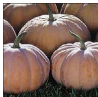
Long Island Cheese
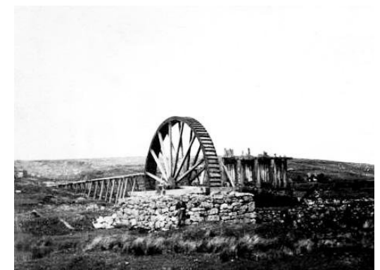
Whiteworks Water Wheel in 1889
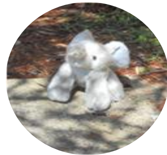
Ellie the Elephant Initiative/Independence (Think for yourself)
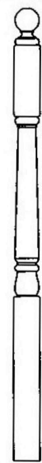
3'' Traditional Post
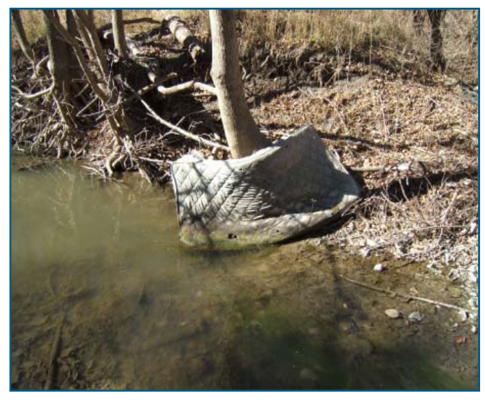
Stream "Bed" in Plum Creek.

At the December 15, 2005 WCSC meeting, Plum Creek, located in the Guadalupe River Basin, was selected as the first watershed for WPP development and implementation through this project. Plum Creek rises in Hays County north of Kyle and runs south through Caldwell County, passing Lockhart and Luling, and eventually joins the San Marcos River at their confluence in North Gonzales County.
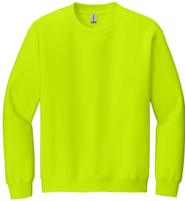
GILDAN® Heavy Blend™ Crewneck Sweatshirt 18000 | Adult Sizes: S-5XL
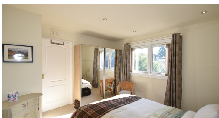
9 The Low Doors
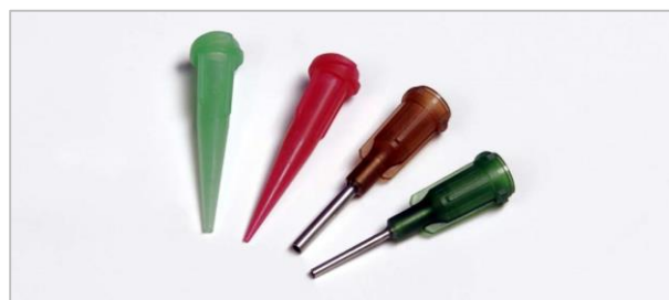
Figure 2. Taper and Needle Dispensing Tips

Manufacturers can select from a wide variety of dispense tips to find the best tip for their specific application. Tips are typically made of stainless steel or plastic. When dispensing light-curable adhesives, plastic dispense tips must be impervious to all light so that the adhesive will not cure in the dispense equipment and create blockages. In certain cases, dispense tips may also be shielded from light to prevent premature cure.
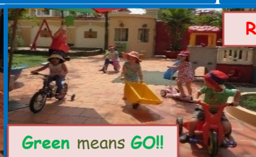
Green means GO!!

---

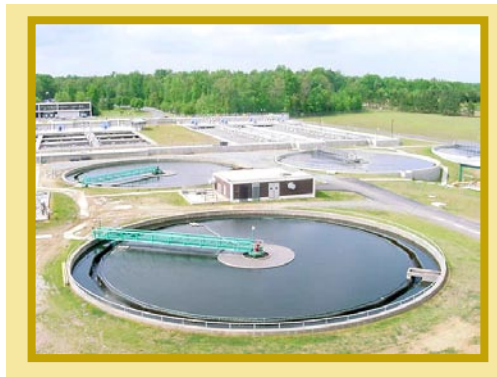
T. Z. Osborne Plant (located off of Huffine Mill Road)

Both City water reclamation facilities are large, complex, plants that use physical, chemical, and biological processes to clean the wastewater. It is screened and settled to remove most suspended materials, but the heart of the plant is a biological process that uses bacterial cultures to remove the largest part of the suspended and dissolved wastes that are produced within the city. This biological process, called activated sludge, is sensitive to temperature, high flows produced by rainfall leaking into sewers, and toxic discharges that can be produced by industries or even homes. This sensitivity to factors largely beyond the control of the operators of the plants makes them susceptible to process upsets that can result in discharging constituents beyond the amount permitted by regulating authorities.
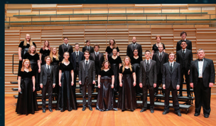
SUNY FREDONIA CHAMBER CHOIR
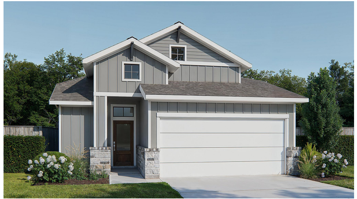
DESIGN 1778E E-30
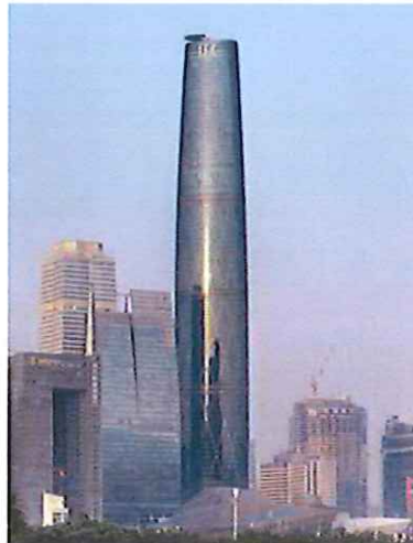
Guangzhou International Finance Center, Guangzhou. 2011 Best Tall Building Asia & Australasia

* **Required action**: The answer must consist of every line from the data that contains the word "Creek".

* **Reply**:
Stream "Bed" in Plum Creek.
At the December 15, 2005 WCSC meeting, Plum Creek, located in the Guadalupe River Basin, was selected as the first watershed for WPP development and implementation through this project. Plum Creek rises in Hays County north of Kyle and runs south through Caldwell County, passing Lockhart and Luling, and eventually joins the San Marcos River at their confluence in North Gonzales County.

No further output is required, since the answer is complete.